Prof accoltellata da uno studente: “Tornerò in classe”

Dal letto d’ospedale in cui è ancora ricoverata, l’insegnante di francese ha inviato una lettera indirizzata ad alunni e personale sanitario.

Bergamo – Un episodio di violenza senza precedenti ha scosso la scuola media Leonardo da Vinci di Trescore Balneario, in provincia di Bergamo. Lo scorso martedì mattina un ragazzo di 13 anni ha aggredito con un coltello la sua insegnante di francese, Chiara Mocchi, ferendola gravemente prima di essere bloccato da un collega della donna e da due collaboratori scolastici.

Tutto è accaduto circa un quarto d’ora prima delle otto, mentre studenti e insegnanti stavano raggiungendo le rispettive aule. Il tredicenne si è presentato a scuola in pantaloni mimetici e con una maglietta riportante la scritta “vendetta”. Ha colpito la docente sotto gli occhi dei compagni. I fendenti hanno raggiunto la vittima all’addome e al collo. Il tutto mentre il 13enne era in diretta su Telegram.
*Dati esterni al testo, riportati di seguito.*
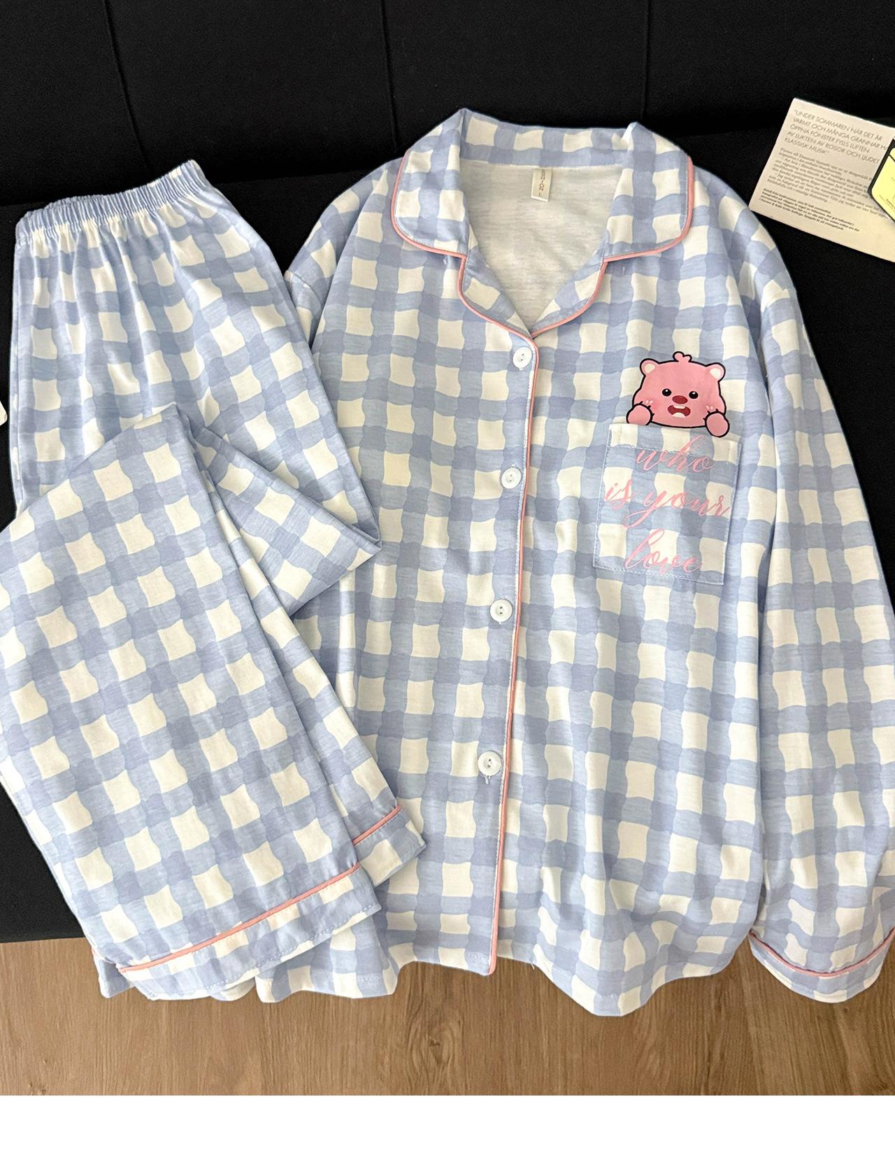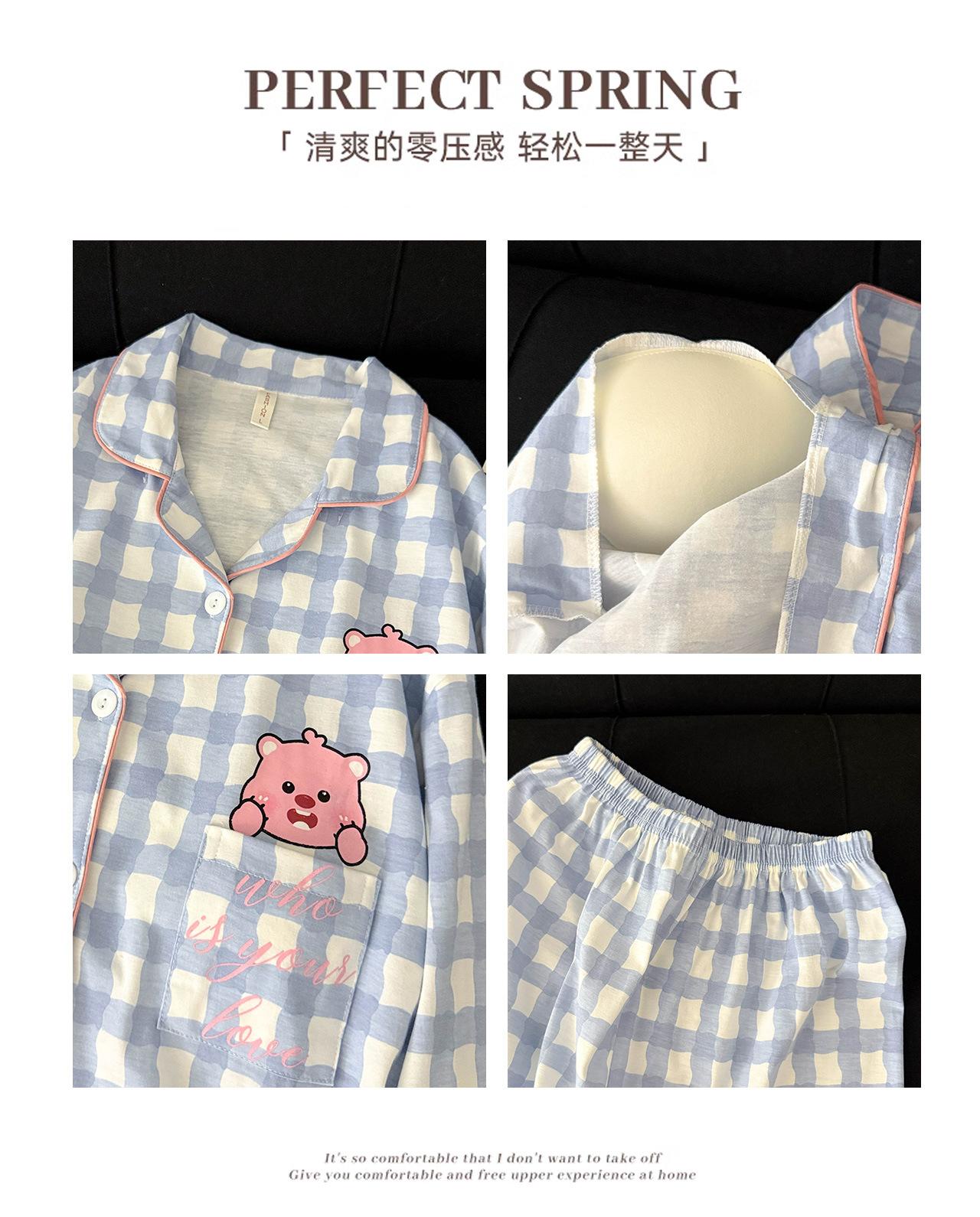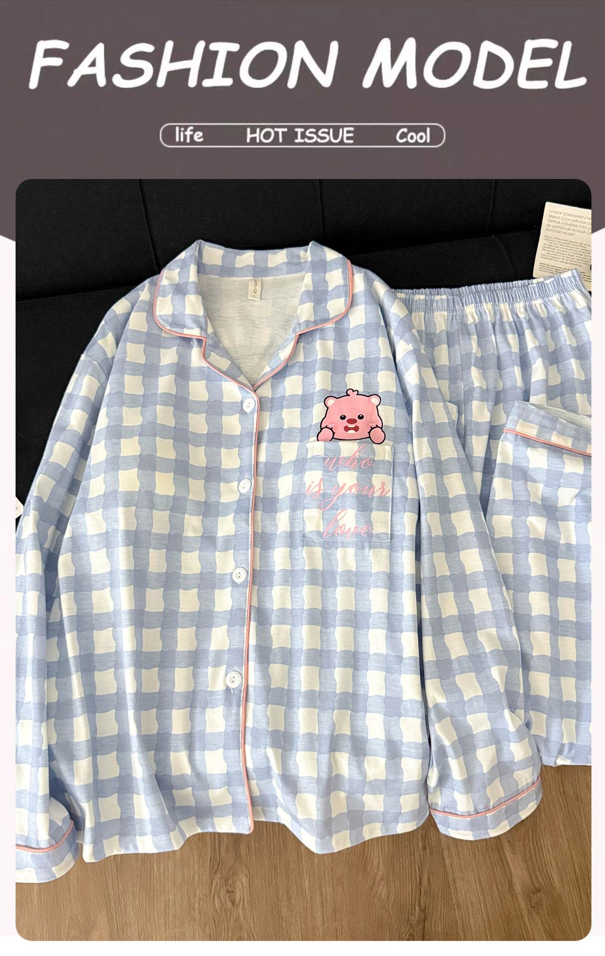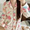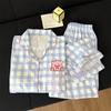 Pijamas de Primavera y Otoño para Mujer Manga Larga Algodón para Mujer Lindo Nuevo Cárdigan de Dibujos Animados Ropa de Casa Venta al por Mayor Set de Alta Gama

Nei giorni precedenti all’aggressione, lo studente aveva pubblicato sui social un testo dal titolo “La soluzione finale”, in cui anticipava le proprie intenzioni.

Nello zaino è stata rinvenuta una pistola scacciacani. Nell’abitazione che condivide con la madre, i carabinieri hanno successivamente rinvenuto materiale potenzialmente pericoloso, tra cui acidi e fertilizzanti, il tutto posto sotto sequestro per ulteriori accertamenti.

La docente, 57 anni, è stata soccorsa dal 118 e trasportata in elisoccorso all’ospedale Papa Giovanni XXIII di Bergamo in codice rosso. Una trasfusione di sangue avviata già a bordo del velivolo e un delicato intervento chirurgico le hanno salvato la vita. Dopo una notte in terapia intensiva senza complicazioni, nella giornata del 26 marzo è stata trasferita in reparto ordinario.

Dal reparto dell’ospedale Papa Giovanni, con la voce ancora flebile ma il cuore colmo di gratitudine, Chiara Mocchi ha dettato attraverso il suo avvocato una lettera rivolta a tutti coloro che le sono stati vicini in queste ore drammatiche: alunni, colleghi, familiari, soccorritori, personale sanitario e semplici cittadini che le hanno fatto sentire il proprio affetto.

Nella missiva la professoressa ripercorre quei momenti con lucidità e commozione, ricordando come i colleghi intervenuti senza esitazione abbiano creato una barriera tra lei e la morte, e come l’équipe dell’elisoccorso abbia lottato contro il tempo per bloccare un’emorragia devastante. Un pensiero speciale va anche agli studenti presenti durante l’aggressione: “Non porto rabbia né paura nel cuore, ma solo desiderio di rivedervi crescere sereni e protetti”, scrive.

La docente non rinuncia nemmeno a rivolgere parole di comprensione al suo aggressore: “Questa ferita non deve diventare un muro, ma un ponte: verso una scuola più attenta, verso una comunità più unita, verso un modo nuovo di stare accanto ai ragazzi, soprattutto quelli che fanno più fatica, come magari quello che mi ha colpito, che forse nel profondo non saprà neanche perché“.

E guardando al futuro, la sua voce si fa ancora più ferma: “Se il Signore vorrà concedermelo, tornerò in classe, tra i banchi, dove ho sempre sentito di appartenere. Perché nonostante tutto, insegnare resta il mio sogno, la mia vocazione, la mia gioia più grande”.

Intanto, lo studente è stato portato in caserma e ascoltato in un’audizione protetta. La Procura per i minorenni di Brescia aprirà un fascicolo, ma il ragazzo, avendo 13 anni, non è imputabile e non potrà essere processato. Si trova attualmente in una comunità protetta, con il consenso dei genitori. Secondo le testimonianze di chi lo conosceva, non aveva mai manifestato particolari problemi comportamentali in precedenza. Le cause del gesto restano ancora da chiarire: si ipotizza un brutto voto o una precedente lite con un compagno, durante la quale la professoressa avrebbe preso le difese dell’altro ragazzo.